> **TASK TO COMPLETE**:
Starting at the first line of the data, print each line verbatim up to and including the line bearing "A few seconds", omitting pictures.

━━━━━ MATERIAL PROVIDED

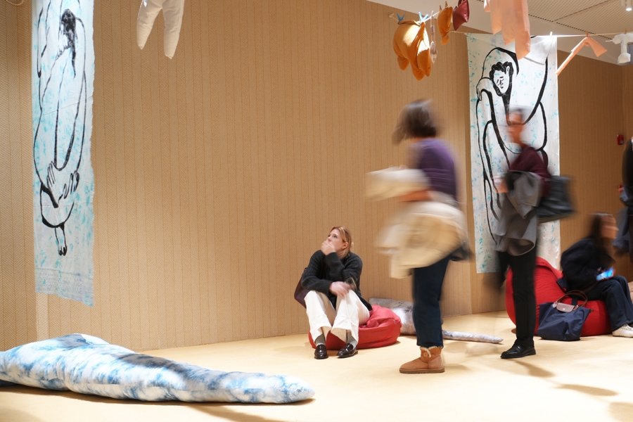 “社会” 单元敏锐捕捉日常中的压力、焦虑与幽默:克鲁布・加洛普《04:23》《是什么让我们疲惫不堪》等作品,以黑白图像、蜡染等技法将现代生活隐性压力与疲惫感具象化,并用幽默笔触勾勒时代情绪的复杂性。
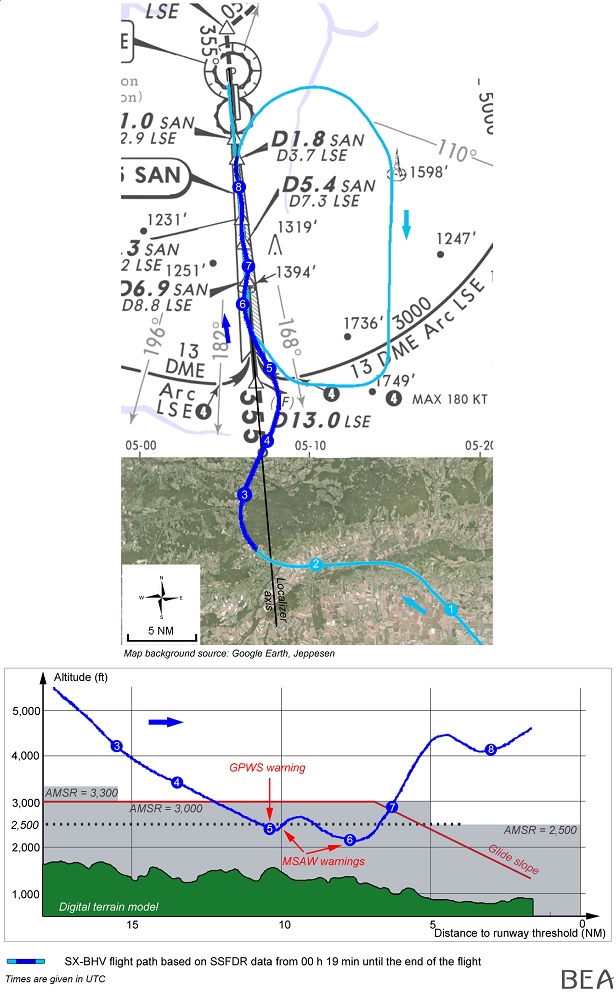 A few seconds later, with the aircraft approaching an altitude of 2500 feet, the controller, in response to an MSAW activation, called "you maintain 2,500 ft, you are too low, you are below the glide". It was considered that in response, the Commander had probably tried to stabilise the aircraft at 2500 feet. Nose-down inputs were maintained for about twenty seconds and thrust levers were moved to 'CLIMB' as the crew "was waiting for the controller’s instruction to climb". Airspeed began to increase sharply and descent re-commenced. When the aircraft reached 900 feet agl with a speed of 320 knots (position 6 on the diagram) the thrust levers were set to 'IDLE' as a second MSAW activation occurred and the controller intervened with "…check your altitude immediately, you are too low".
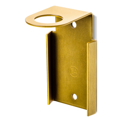 Detta praktiska väggfäste är utformat för att förvara olika kroppstvålar och handdesinfektionsmedel från Badeanstaltens läckra sortiment. Den är tillverkad i Danmark av hållbar mässing och har sedan lackerats för att ge den en extra vacker, gyllene och glänsande finish som håller även i det fuktiga badrumsklimatet. Den praktiska hållaren ger ditt badrum en elegant och modern finish och sparar mycket utrymme vid handfatet.
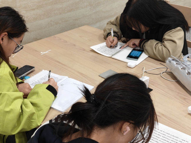 活动现场洋溢着浓厚的书香氛围。读书区内,同学们或潜心研读专业书籍,在知识海洋中探索求真;或细品文学经典,于字里行间感悟人生。练字区里,同学们执笔挥毫,或临摹传统名篇,或书写自选佳句,在横竖撇捺间体会汉字之美。两个区域相映成趣,构成了一幅生动的校园文化图景。
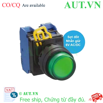 Spec: Có đèn; 6VAC, 6VDC; D22; Xanh lá; 2NO; Nhấn giữ; Round extended; Chất liệu vỏ: Plastic; Chất liệu vòng bezel: Plastic
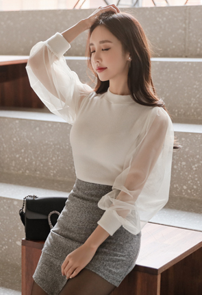 망사 퍼프 티셔츠
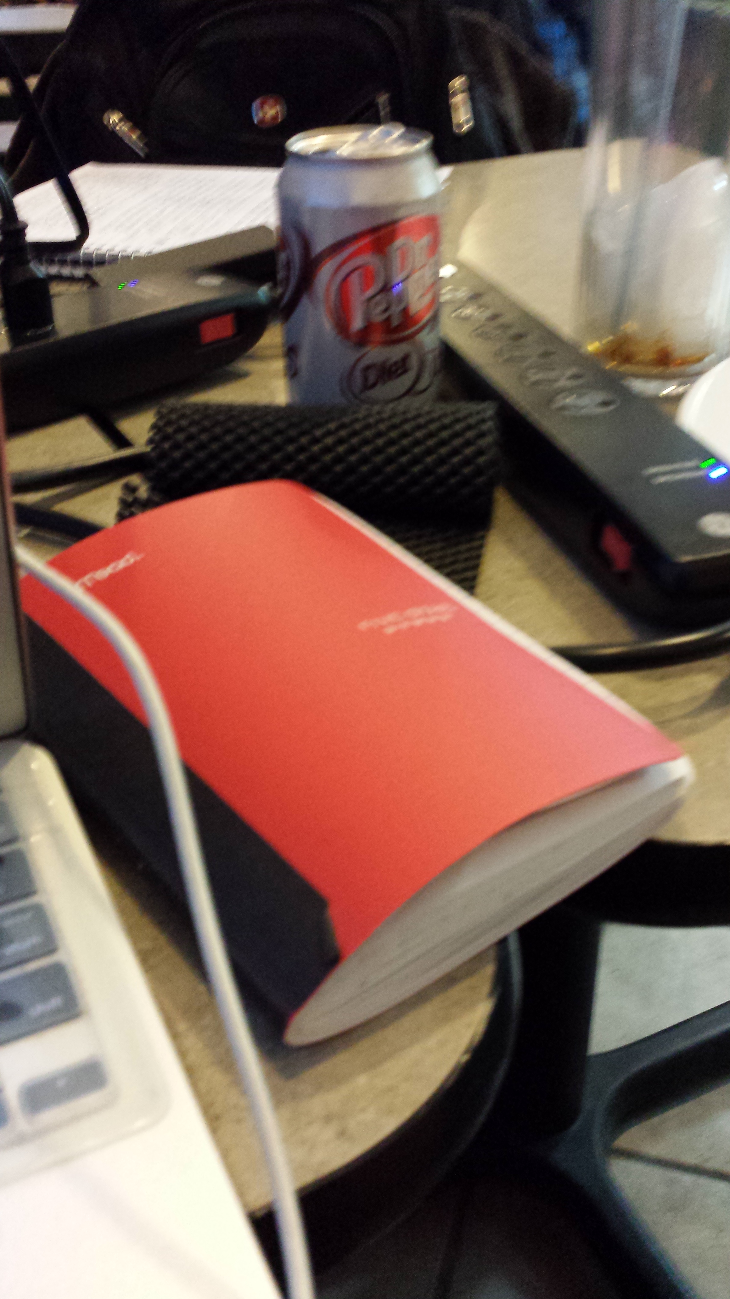 Current writing notebook with its higher-tech friends at the Tuesday write-in (Your Mom’s Basement, White Bear Lake MN)
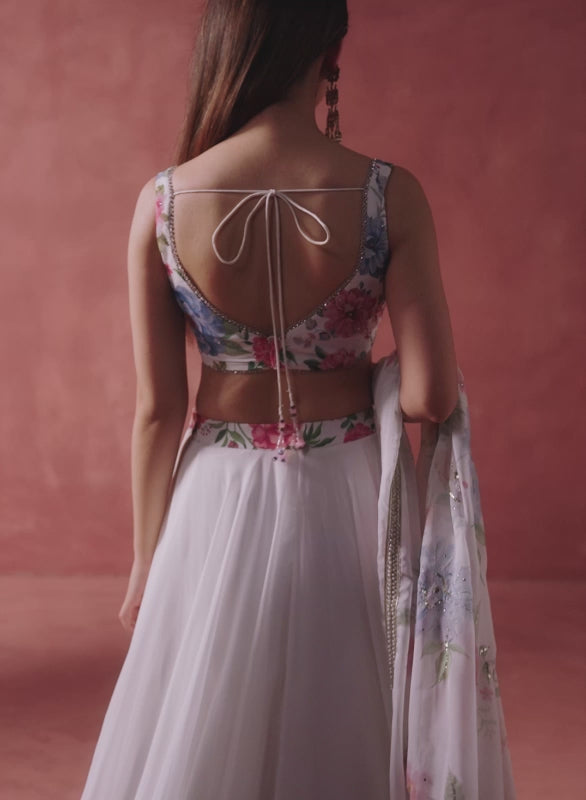 Woman in flowy white lehenga
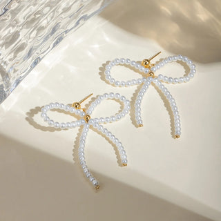 ステンレス304 低ニッケル 水に濡れても錆びにくい 18Kゴールドメッキ ピアス リボン パール 【YJ02134】
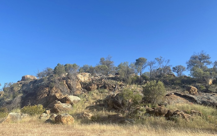 Ullamby is the next waterhole after the Kurrajong tree, followed by number of points of interest at Ives Rock, Wallangie.

━━━━━━━━━━

> **WRITTEN RESPONSE**:
 “社会” 单元敏锐捕捉日常中的压力、焦虑与幽默:克鲁布・加洛普《04:23》《是什么让我们疲惫不堪》等作品,以黑白图像、蜡染等技法将现代生活隐性压力与疲惫感具象化,并用幽默笔触勾勒时代情绪的复杂性。
 A few seconds later, with the aircraft approaching an altitude of 2500 feet, the controller, in response to an MSAW activation, called "you maintain 2,500 ft, you are too low, you are below the glide". It was considered that in response, the Commander had probably tried to stabilise the aircraft at 2500 feet. Nose-down inputs were maintained for about twenty seconds and thrust levers were moved to 'CLIMB' as the crew "was waiting for the controller’s instruction to climb". Airspeed began to increase sharply and descent re-commenced. When the aircraft reached 900 feet agl with a speed of 320 knots (position 6 on the diagram) the thrust levers were set to 'IDLE' as a second MSAW activation occurred and the controller intervened with "…check your altitude immediately, you are too low".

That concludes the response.